On Jan. 18, 2021, as the U.S. celebrated Martin Luther King Jr. Day, a particularly pertinent quote supposedly written by the famed civil rights leader about the importance of education started circulating on social media:

This is a genuine quote from King.

This quote comes from an article King wrote for the Morehouse College student newspaper, “The Maroon Tiger,” in February 1947, entitled “The Purpose of Education.” The relevant excerpt from this article appears below:

Education must also train one for quick, resolute and effective thinking. To think incisively and to think for one’s self is very difficult. We are prone to let our mental life become invaded by legions of half truths, prejudices, and propaganda.
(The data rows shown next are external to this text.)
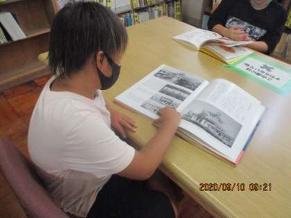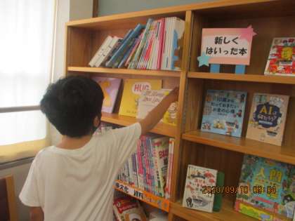 図書館での時間。自分が読みたい本を選び,じっくり読書の時間を楽しみました。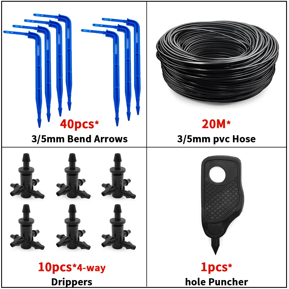 Система капельного орошения для теплицы, 4 канала, 3/5 мм, двухсторонний передатчик, для сада, газона, 10 комплектов/20 комплектов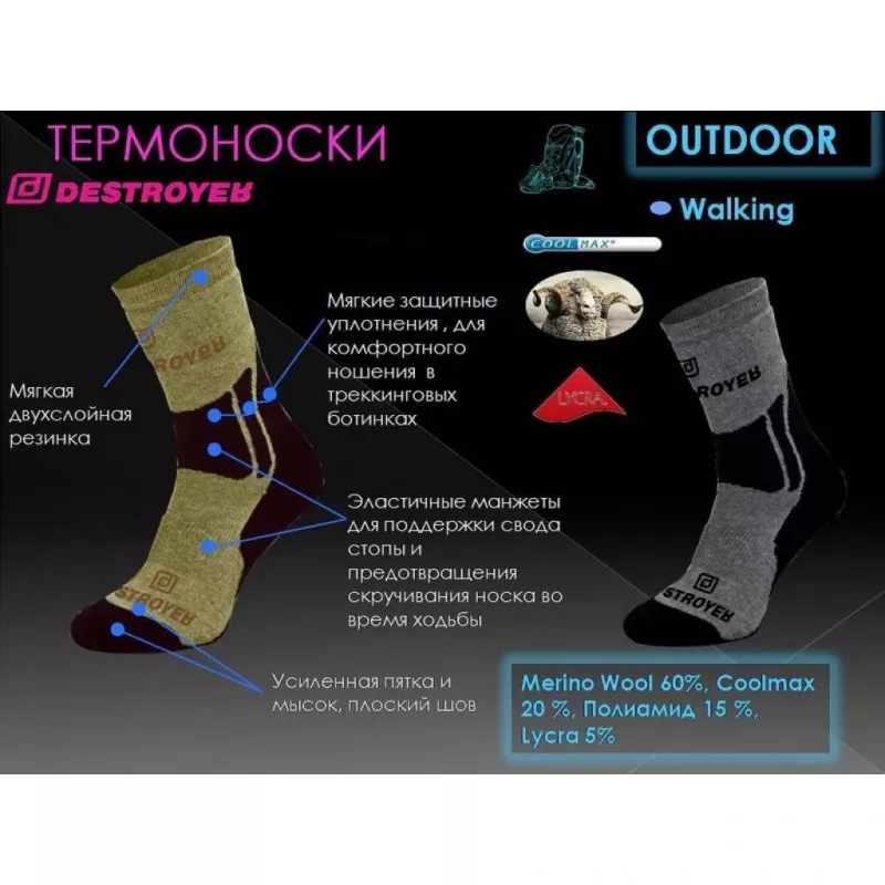 Носки Tramp Outdoor Walking прекрасно подходят для трекинговой обуви. Сезон использования — весна и осень и не очень холодная зима.

At this point, I often wonder whether or not education is fulfilling its purpose. A great majority of the so-called educated people do not think logically and scientifically. Even the press, the classroom, the platform, and the pulpit in many instances do not give us objective and unbiased truths. To save man from the morass of propaganda, in my opinion, is one of the chief aims of education. Education must enable one to sift and weigh evidence, to discern the true from the false, the real from the unreal, and the facts from the fiction.

The function of education, therefore, is to teach one to think intensively and to think critically. But education which stops with efficiency may prove the greatest menace to society. The most dangerous criminal may be the man gifted with reason, but with no morals.

King wrote that one of the chief aims of education is to “save man from morass of propaganda” and enable individuals to “to discern the true from the false, the real from the unreal, and the facts from the fiction.”

This quote may have felt particular relevant to readers in 2021 as it was circulated in the days following an attack on the U.S. Capitol that was spurred on, in large part, by a disinformation campaign falsely claiming that the presidency had been “stolen” from Donald Trump by means of election fraud.